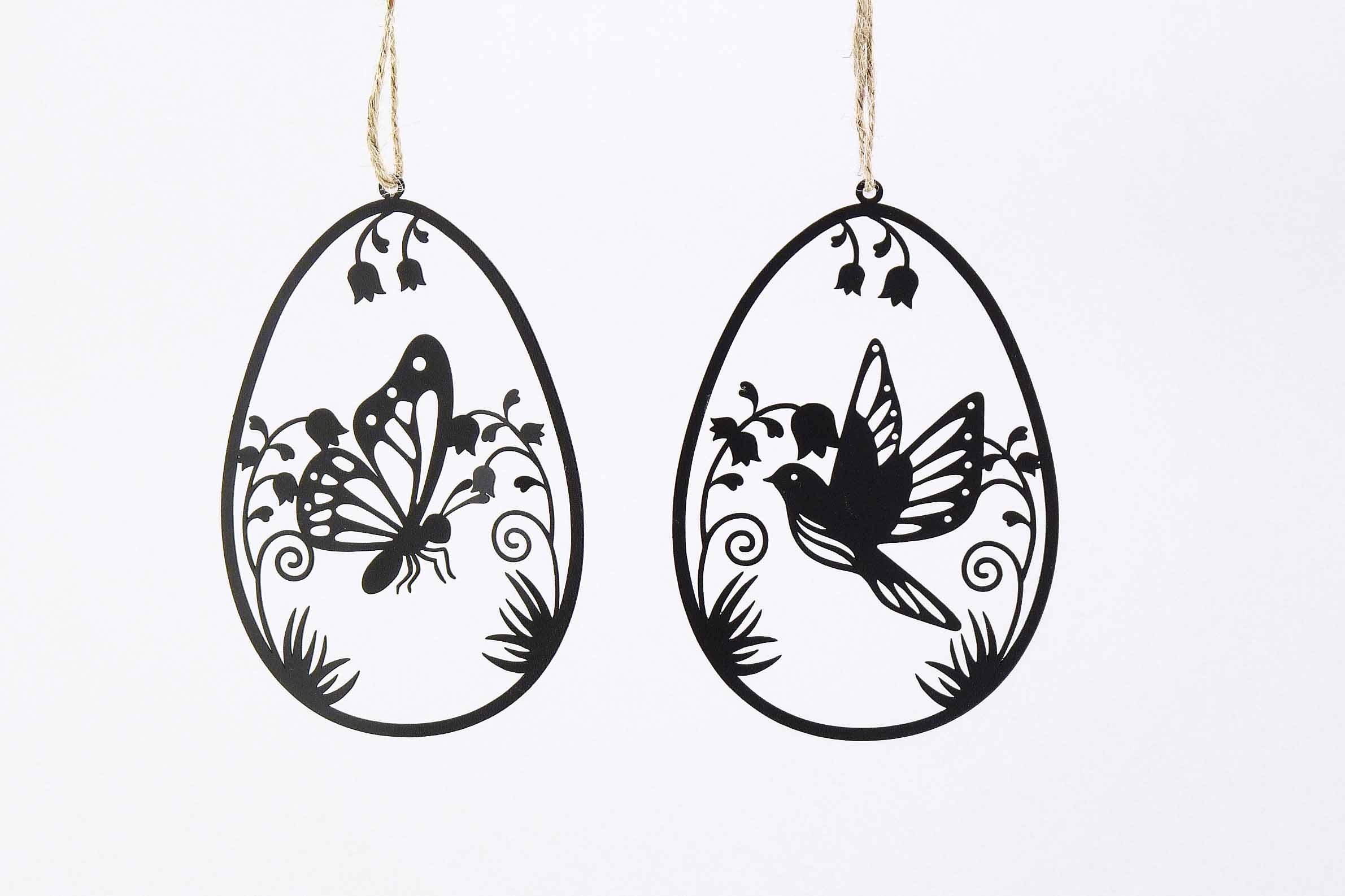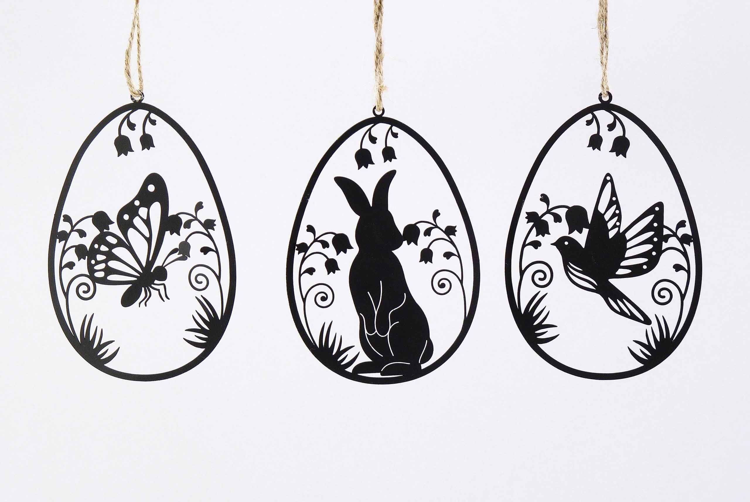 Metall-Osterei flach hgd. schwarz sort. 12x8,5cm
____
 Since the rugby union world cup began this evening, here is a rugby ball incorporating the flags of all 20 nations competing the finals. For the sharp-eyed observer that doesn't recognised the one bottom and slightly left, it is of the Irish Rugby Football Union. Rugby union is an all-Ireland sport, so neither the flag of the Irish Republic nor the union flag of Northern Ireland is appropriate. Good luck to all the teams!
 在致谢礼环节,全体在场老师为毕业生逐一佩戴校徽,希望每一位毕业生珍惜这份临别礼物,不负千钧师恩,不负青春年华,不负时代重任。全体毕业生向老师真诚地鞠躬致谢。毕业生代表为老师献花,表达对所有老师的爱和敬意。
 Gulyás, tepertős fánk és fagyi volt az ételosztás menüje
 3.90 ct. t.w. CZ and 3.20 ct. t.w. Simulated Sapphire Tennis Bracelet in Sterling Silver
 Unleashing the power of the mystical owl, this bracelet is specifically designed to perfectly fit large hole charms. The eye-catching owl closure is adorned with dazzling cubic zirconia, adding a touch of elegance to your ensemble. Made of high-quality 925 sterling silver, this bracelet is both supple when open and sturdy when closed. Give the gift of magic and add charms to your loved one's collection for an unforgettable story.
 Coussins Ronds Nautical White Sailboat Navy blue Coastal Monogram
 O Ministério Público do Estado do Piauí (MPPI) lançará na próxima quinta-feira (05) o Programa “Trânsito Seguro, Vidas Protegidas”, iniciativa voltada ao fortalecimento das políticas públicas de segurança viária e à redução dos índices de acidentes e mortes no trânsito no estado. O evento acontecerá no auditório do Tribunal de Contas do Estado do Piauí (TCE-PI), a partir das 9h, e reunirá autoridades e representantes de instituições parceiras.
____
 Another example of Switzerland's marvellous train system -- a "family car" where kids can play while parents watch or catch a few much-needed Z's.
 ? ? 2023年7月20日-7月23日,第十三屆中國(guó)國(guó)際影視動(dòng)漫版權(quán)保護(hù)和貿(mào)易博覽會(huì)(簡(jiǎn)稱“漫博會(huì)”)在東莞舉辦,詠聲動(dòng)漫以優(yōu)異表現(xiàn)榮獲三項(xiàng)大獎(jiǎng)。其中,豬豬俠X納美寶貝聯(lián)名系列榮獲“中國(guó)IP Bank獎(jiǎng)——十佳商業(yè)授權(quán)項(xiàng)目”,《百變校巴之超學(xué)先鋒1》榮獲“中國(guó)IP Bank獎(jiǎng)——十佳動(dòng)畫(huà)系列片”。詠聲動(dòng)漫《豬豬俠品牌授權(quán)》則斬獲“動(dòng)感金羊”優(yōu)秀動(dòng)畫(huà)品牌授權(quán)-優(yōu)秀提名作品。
____
What you have to do ▸
Of the lines above, output exactly those from the line bearing "3.90 ct. t.w." through the line bearing "Coussins Ronds Nautical", inclusive.

Written solution ▸
 3.90 ct. t.w. CZ and 3.20 ct. t.w. Simulated Sapphire Tennis Bracelet in Sterling Silver
 Unleashing the power of the mystical owl, this bracelet is specifically designed to perfectly fit large hole charms. The eye-catching owl closure is adorned with dazzling cubic zirconia, adding a touch of elegance to your ensemble. Made of high-quality 925 sterling silver, this bracelet is both supple when open and sturdy when closed. Give the gift of magic and add charms to your loved one's collection for an unforgettable story.
 Coussins Ronds Nautical White Sailboat Navy blue Coastal Monogram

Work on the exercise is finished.